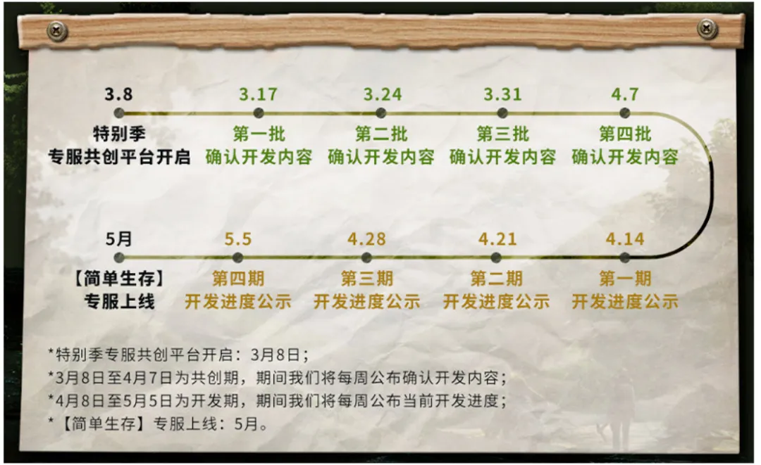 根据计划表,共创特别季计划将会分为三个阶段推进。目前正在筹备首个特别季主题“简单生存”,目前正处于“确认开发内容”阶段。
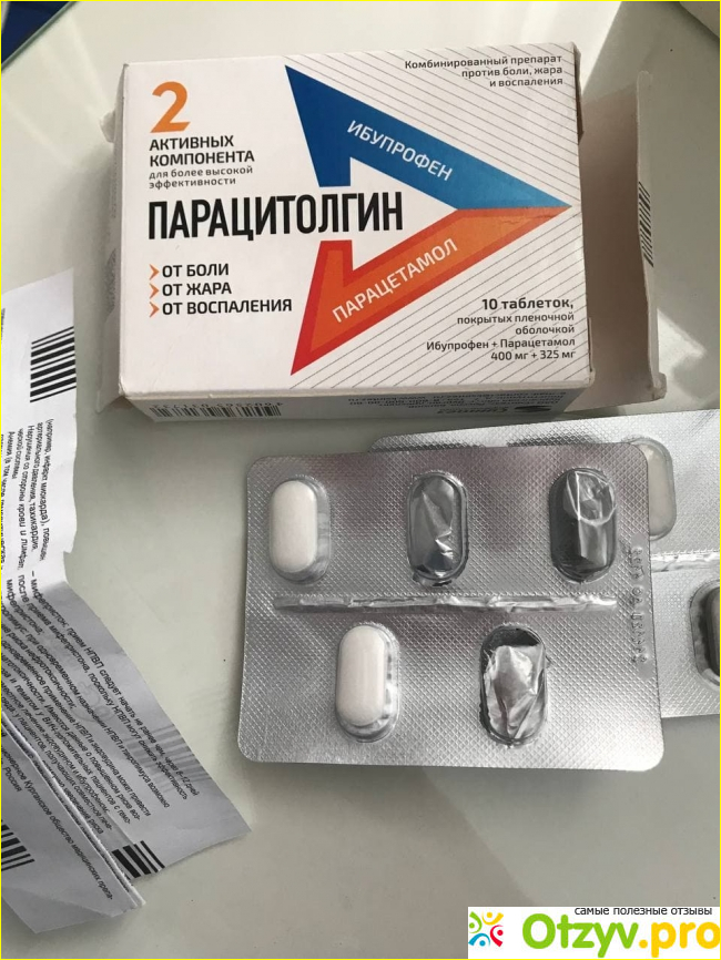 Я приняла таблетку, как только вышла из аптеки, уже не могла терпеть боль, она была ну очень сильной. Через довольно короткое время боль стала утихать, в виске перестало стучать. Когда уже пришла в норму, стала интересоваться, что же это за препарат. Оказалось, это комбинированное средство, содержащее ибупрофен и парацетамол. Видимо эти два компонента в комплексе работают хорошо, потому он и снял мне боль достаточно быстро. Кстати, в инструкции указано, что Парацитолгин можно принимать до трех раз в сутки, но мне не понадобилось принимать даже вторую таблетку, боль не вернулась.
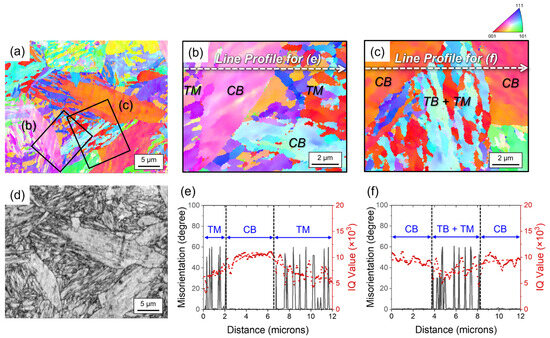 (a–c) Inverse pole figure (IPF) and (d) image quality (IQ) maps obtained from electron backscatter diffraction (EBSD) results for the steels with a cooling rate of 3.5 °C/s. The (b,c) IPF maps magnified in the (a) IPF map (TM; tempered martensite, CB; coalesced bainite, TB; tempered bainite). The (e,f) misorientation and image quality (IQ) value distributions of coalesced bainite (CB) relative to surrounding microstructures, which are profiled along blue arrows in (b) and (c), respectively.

· · · · ·

— What to produce —
The expected answer is the listing above, duplicated exactly, with its pictures removed.

— Task output —
 根据计划表,共创特别季计划将会分为三个阶段推进。目前正在筹备首个特别季主题“简单生存”,目前正处于“确认开发内容”阶段。
 Я приняла таблетку, как только вышла из аптеки, уже не могла терпеть боль, она была ну очень сильной. Через довольно короткое время боль стала утихать, в виске перестало стучать. Когда уже пришла в норму, стала интересоваться, что же это за препарат. Оказалось, это комбинированное средство, содержащее ибупрофен и парацетамол. Видимо эти два компонента в комплексе работают хорошо, потому он и снял мне боль достаточно быстро. Кстати, в инструкции указано, что Парацитолгин можно принимать до трех раз в сутки, но мне не понадобилось принимать даже вторую таблетку, боль не вернулась.
 (a–c) Inverse pole figure (IPF) and (d) image quality (IQ) maps obtained from electron backscatter diffraction (EBSD) results for the steels with a cooling rate of 3.5 °C/s. The (b,c) IPF maps magnified in the (a) IPF map (TM; tempered martensite, CB; coalesced bainite, TB; tempered bainite). The (e,f) misorientation and image quality (IQ) value distributions of coalesced bainite (CB) relative to surrounding microstructures, which are profiled along blue arrows in (b) and (c), respectively.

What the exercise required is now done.